── Data shown

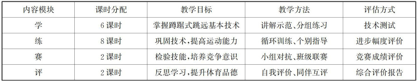 摘要:本文旨在探讨新课标下中学蹲踞式跳远教学的改革与创新,通过构建“学练赛评”一体化单元设计模式,以任务为引领,促进学生运动能力、健康行为和体育品德的发展。文章首先分析了新课标下中学蹲踞式跳远教学的具体要求,然后详细阐述了“学练赛评”一体化单元设计的内容结构与教学方案,并提出了实施建议,该模式能有效提升学生的跳远技能,激发学习兴趣,培养学生良好的体育品德。
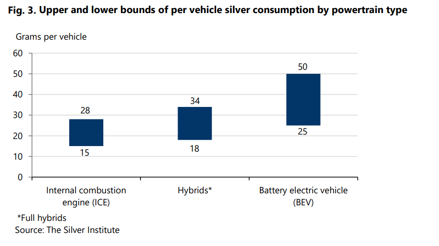 电动汽车革命正推动白银需求大幅增长。电动汽车所需白银量远超传统内燃机汽车 (ICE),白银被广泛应用于电池管理系统、电力电子设备、充电基础设施及电触点等多个部件。从内燃机汽车向电动汽车的转型,预计将显著提振白银需求;尤其是纯电动汽车,平均耗银量比内燃机汽车高出 67%-79%,每辆电动汽车的用银量约为 25-50 克。
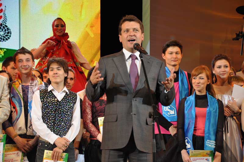 На церемонии награждения: популярный ведущий КГТУ и руководитель СТЭМ «ЮМОРЕЗКА» Дмитрий Юдин (фото АНО «Исполнительная дирекция «Казань 2013»)
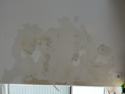 Niedawno kupiłem mieszkanie i po jakimś czasie okazało się, że przy oknie w kuchni ze ściany zaczyna pryszczeć farba. Po zeskrobaniu farby okazało się, że ściana jest mokra, więc zeskrobałem również mokrą gładź, aby zobaczyć czy ściana wyschnie. Ściana po paru tygodniach przesłucha więc nałożyłem nową gładź i pomalowałem ścianę.
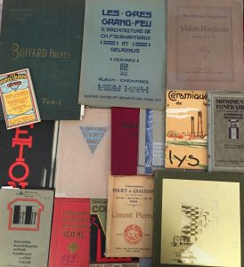 Vernis pour carrosseries, bâtiments & marine. Haren, Nord, Bruxelles : E. Allard, [vers 1910]. — Dépliant in-16.{CR}Dépliant donnant un échantillon de 54 couleurs d’émail proposées par les usines Colorin. Chaque échantillon se présente sous la forme d’une pastille.{CR}- BUFFARD. Marqueterie - quadrillages – filets simples et bandes Mosaïque. Paris, [1922]. — In-4, agrafé, cordonnet de soie verte.{CR}On joint la liste des prix de 1922, ainsi que deux autres prospectus de la même maison.{CR}- GIBERT. Grillages. Paris, 1913. — 4 brochures in-12 sous chemise de percaline bordeaux de l’éditeur. Grillages et de tapis métalliques. {CR}- Manufacture vosgienne de volets roulants en bois et en fer. Saint-Dié, (années 20). — In-4, agrafé.{CR}- POLIET & CHAUSSON. Ciment Pierre. Paris, 1923. — Catalogue illustré in-8, agrafé.{CR}- FOURMAINTRAUX & DELASSUS. Les grés grand-feu d’architecture de Ch. Fourmaintraux et Delassus. Paris, 1925. — In-4, couverture imprimée. Broché.{CR}Catalogue de cheminées art déco en couleurs.{CR}- GAUDIER REMBAUX. Monuments funéraires. Société granitière du Nord Gaudier-Rembaux. Aulnoye, 1925. — In-8, broché. Belle couverture.{CR}- NATIONAL RADIATOR COMPANY. Catalogue des radiateurs, chaudières, réservoirs, accessoires, robinetterie, outillage « Idéal ». Vilvorde, [1926]. — In-12, broché.{CR}Joint une brochure publicitaire de la compagnie concernant deux robinets. Quelques usures d’usage.{CR}- FER FOR. Balcons, balustrades, appuis, panneaux en fer forgé. Corbeil : impr. Crété, 1929. — In-8, broché.{CR}- LYS. Céramiques de la Lys S.A. Marcke-Lez-Courtrai, [vers 1930]. — In-8, en feuilles tenues par 2 anneaux.{CR}Album de plus de 50 exemples de sols en carrés de céramique. Couverture illustrée. Usures au dos. {CR}- ROMBAUD-ROLAND. Monuments & Chapelles, soubassements et devantures de vitrines pour magasins en tous granits, de toutes teintes, de toutes provenances. Jeumont, octobre 1930. — In-4, broché.{CR}Album entièrement illustré de photographies de monuments, devantures, etc. dont les galeries Lafayette à Paris.{CR}- BÉTON ARMÉ. N° 356. Octobre 1937. Lille, 1937. — Fascicule in-folio, agrafé. N° 356 de cette revue mensuelle technique et documentaire des constructions en béton armé. Déchirure à la couverture. Nombreuses publicités aux premiers et derniers feuillets. Joint une brochure de la société « Bétons Armés Hennebique ».{CR}- La Construction métallique et le béton armé dans les bâtiments modernes. Paris : impr. L. Pascal, s.d. — In-12, agrafé. Article publicitaire, extrait de la revue Science & industrie, n° 157.{CR}- Office public d’habitations à loyer modéré du département du Rhône. 1920-1970. Lyon : HLM du Rhône, 1970. — In-4 carré, toile verte de l’éditeur ornée sur le premier plat d’une plaque dorée imprimée, étui.{CR}Publication réalisée à l’occasion du cinquantenaire de l’office HLM du Rhône. Elle est illustrée de très nombreuses photographies en noir et en couleurs.{CR}- COLOZIER & Cie. Carrelages Céramiques. Carreaux unicolores en grès Cérame. Saint-Just-des-Marais, s.d. — Catalogue dépliant illustré in-12.

────

To do: Omit every picture, and please return the entries exactly from the first line through the line with "На церемонии награждения: популярный", both included.

Solved exercise:
 摘要:本文旨在探讨新课标下中学蹲踞式跳远教学的改革与创新,通过构建“学练赛评”一体化单元设计模式,以任务为引领,促进学生运动能力、健康行为和体育品德的发展。文章首先分析了新课标下中学蹲踞式跳远教学的具体要求,然后详细阐述了“学练赛评”一体化单元设计的内容结构与教学方案,并提出了实施建议,该模式能有效提升学生的跳远技能,激发学习兴趣,培养学生良好的体育品德。
 电动汽车革命正推动白银需求大幅增长。电动汽车所需白银量远超传统内燃机汽车 (ICE),白银被广泛应用于电池管理系统、电力电子设备、充电基础设施及电触点等多个部件。从内燃机汽车向电动汽车的转型,预计将显著提振白银需求;尤其是纯电动汽车,平均耗银量比内燃机汽车高出 67%-79%,每辆电动汽车的用银量约为 25-50 克。
 На церемонии награждения: популярный ведущий КГТУ и руководитель СТЭМ «ЮМОРЕЗКА» Дмитрий Юдин (фото АНО «Исполнительная дирекция «Казань 2013»)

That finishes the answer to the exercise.